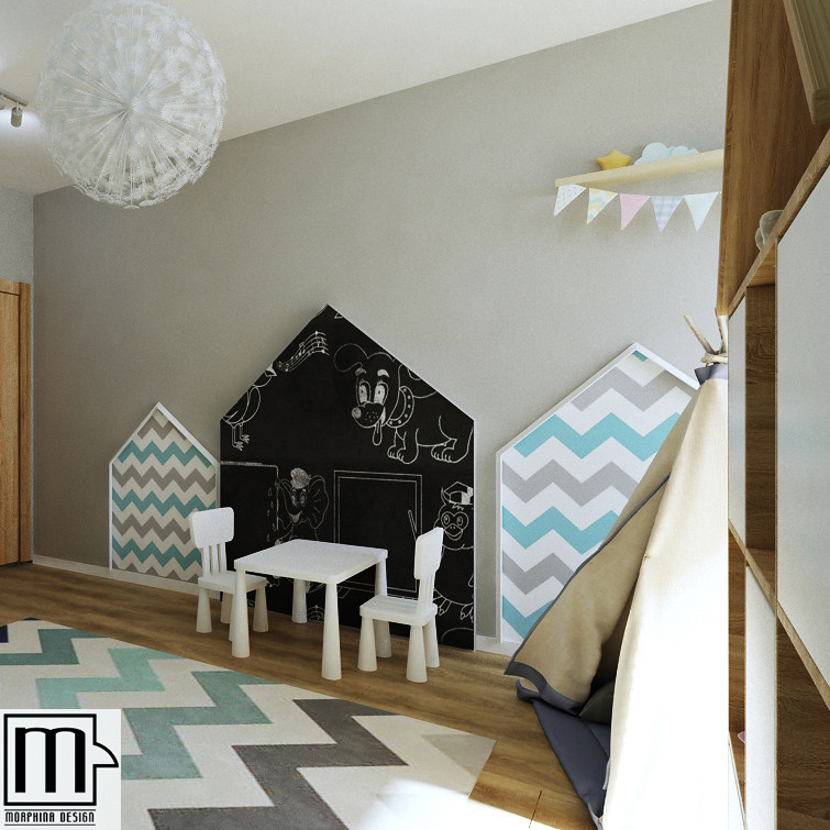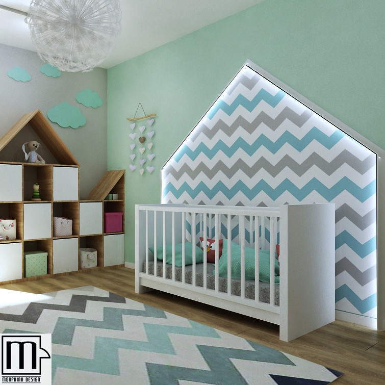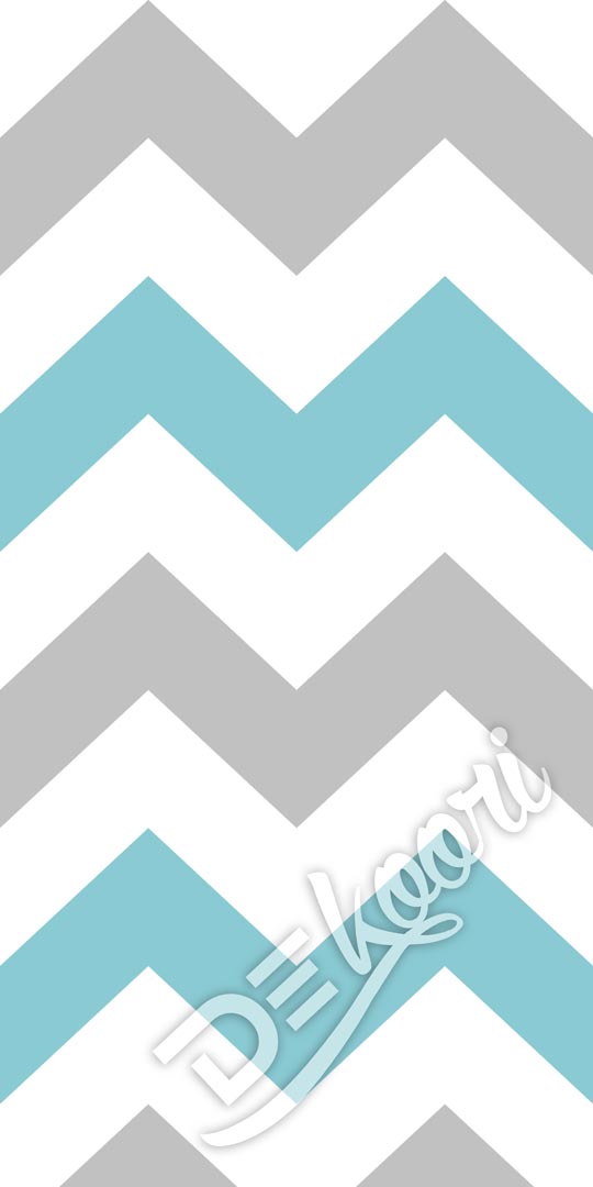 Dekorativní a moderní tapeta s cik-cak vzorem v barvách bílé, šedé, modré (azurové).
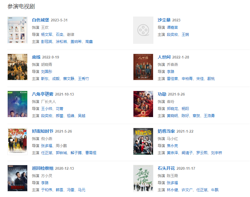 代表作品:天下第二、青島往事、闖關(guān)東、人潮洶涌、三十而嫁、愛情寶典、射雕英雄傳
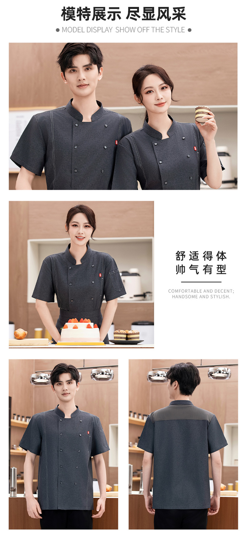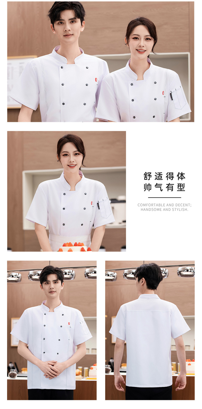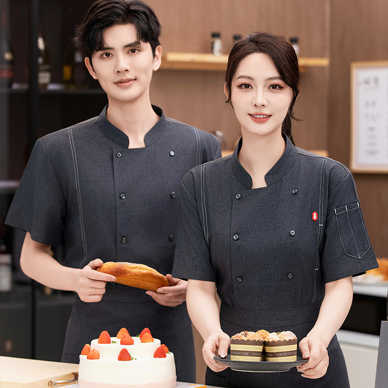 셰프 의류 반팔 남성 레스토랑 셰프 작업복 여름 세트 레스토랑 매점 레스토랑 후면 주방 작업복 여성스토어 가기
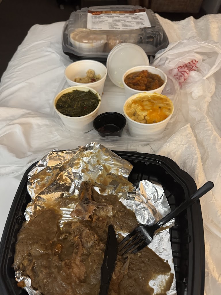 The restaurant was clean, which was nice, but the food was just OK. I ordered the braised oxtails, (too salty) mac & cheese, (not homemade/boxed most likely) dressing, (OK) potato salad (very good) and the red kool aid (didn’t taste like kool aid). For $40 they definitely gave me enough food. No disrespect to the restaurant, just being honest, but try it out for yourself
• • • •
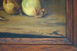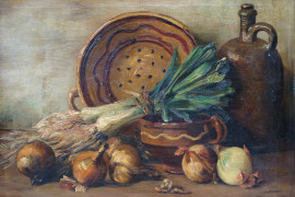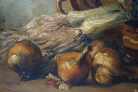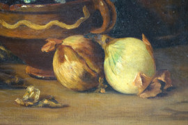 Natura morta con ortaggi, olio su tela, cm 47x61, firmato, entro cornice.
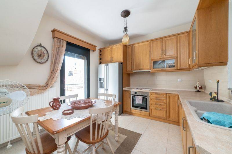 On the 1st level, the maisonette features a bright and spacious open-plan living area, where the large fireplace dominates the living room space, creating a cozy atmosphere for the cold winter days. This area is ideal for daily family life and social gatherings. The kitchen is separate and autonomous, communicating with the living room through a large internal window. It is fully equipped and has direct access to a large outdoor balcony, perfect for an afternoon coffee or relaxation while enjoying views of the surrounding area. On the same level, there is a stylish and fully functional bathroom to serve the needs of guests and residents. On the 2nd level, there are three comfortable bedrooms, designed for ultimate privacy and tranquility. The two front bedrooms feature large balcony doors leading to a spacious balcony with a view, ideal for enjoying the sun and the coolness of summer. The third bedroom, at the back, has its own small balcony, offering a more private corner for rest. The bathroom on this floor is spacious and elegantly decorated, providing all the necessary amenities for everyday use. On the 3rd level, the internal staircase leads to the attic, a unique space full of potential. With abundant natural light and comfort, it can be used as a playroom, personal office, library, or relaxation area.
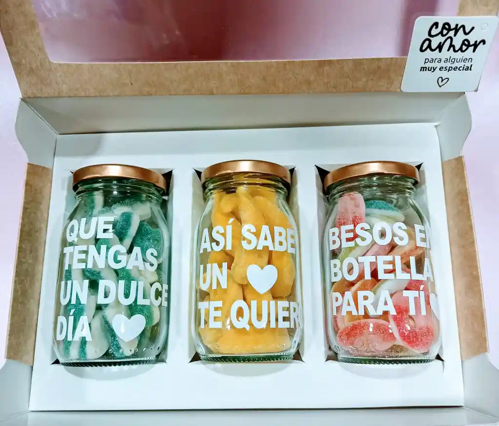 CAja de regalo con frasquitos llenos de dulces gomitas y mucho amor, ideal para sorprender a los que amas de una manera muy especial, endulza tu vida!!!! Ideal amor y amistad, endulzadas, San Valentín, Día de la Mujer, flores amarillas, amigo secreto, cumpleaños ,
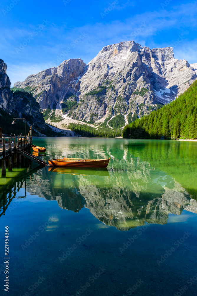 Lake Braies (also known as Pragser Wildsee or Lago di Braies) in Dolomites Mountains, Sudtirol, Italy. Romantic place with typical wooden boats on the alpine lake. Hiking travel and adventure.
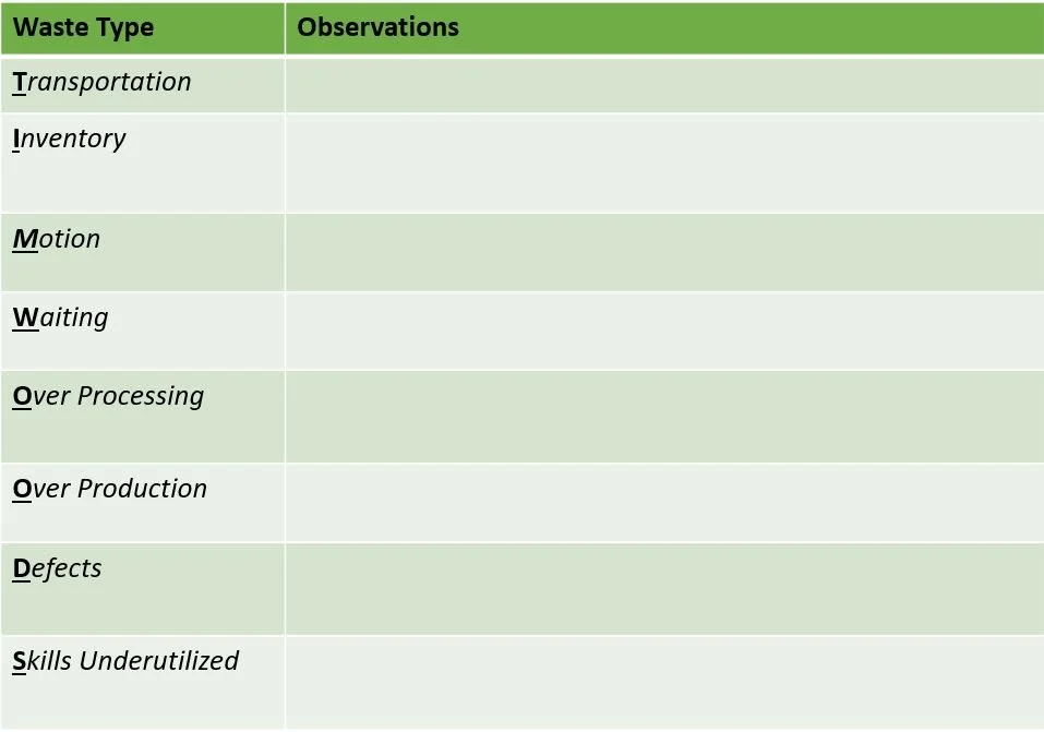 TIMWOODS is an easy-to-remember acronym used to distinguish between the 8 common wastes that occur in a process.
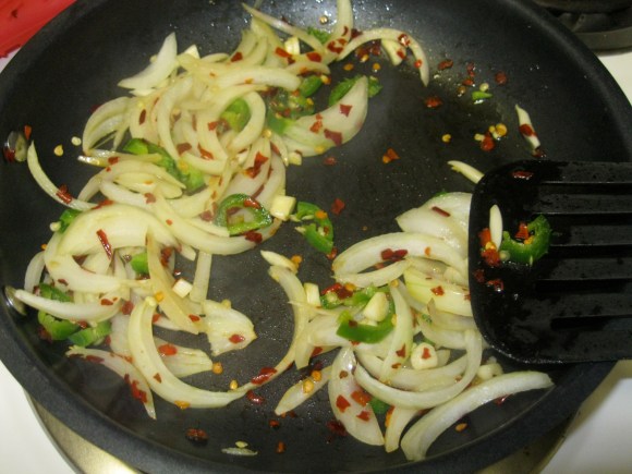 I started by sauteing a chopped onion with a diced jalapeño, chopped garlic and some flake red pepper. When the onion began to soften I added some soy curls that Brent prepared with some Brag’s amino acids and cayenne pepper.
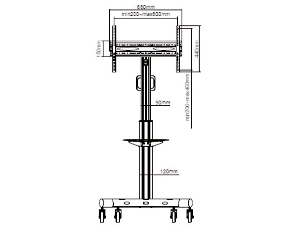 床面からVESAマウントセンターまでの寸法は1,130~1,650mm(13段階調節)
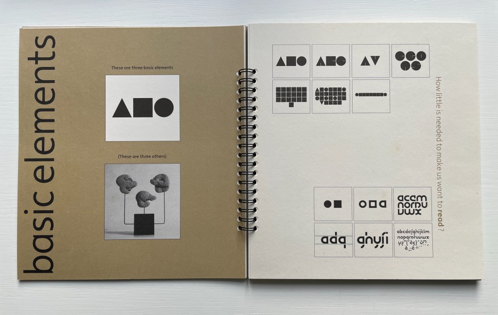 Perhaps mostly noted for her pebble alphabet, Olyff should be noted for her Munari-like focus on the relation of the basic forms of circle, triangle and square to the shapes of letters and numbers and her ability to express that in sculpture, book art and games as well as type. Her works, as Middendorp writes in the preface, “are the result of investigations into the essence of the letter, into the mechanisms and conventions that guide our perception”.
• • • •
WORK TASK: Your answer must be the exact lines from the records above, from the one containing "Lake Braies (also" through the one containing "床面からVESAマウントセン", both included, with every picture left out.

SOLUTION TO THE PROBLEM:
 Lake Braies (also known as Pragser Wildsee or Lago di Braies) in Dolomites Mountains, Sudtirol, Italy. Romantic place with typical wooden boats on the alpine lake. Hiking travel and adventure.
 TIMWOODS is an easy-to-remember acronym used to distinguish between the 8 common wastes that occur in a process.
 I started by sauteing a chopped onion with a diced jalapeño, chopped garlic and some flake red pepper. When the onion began to soften I added some soy curls that Brent prepared with some Brag’s amino acids and cayenne pepper.
 床面からVESAマウントセンターまでの寸法は1,130~1,650mm(13段階調節)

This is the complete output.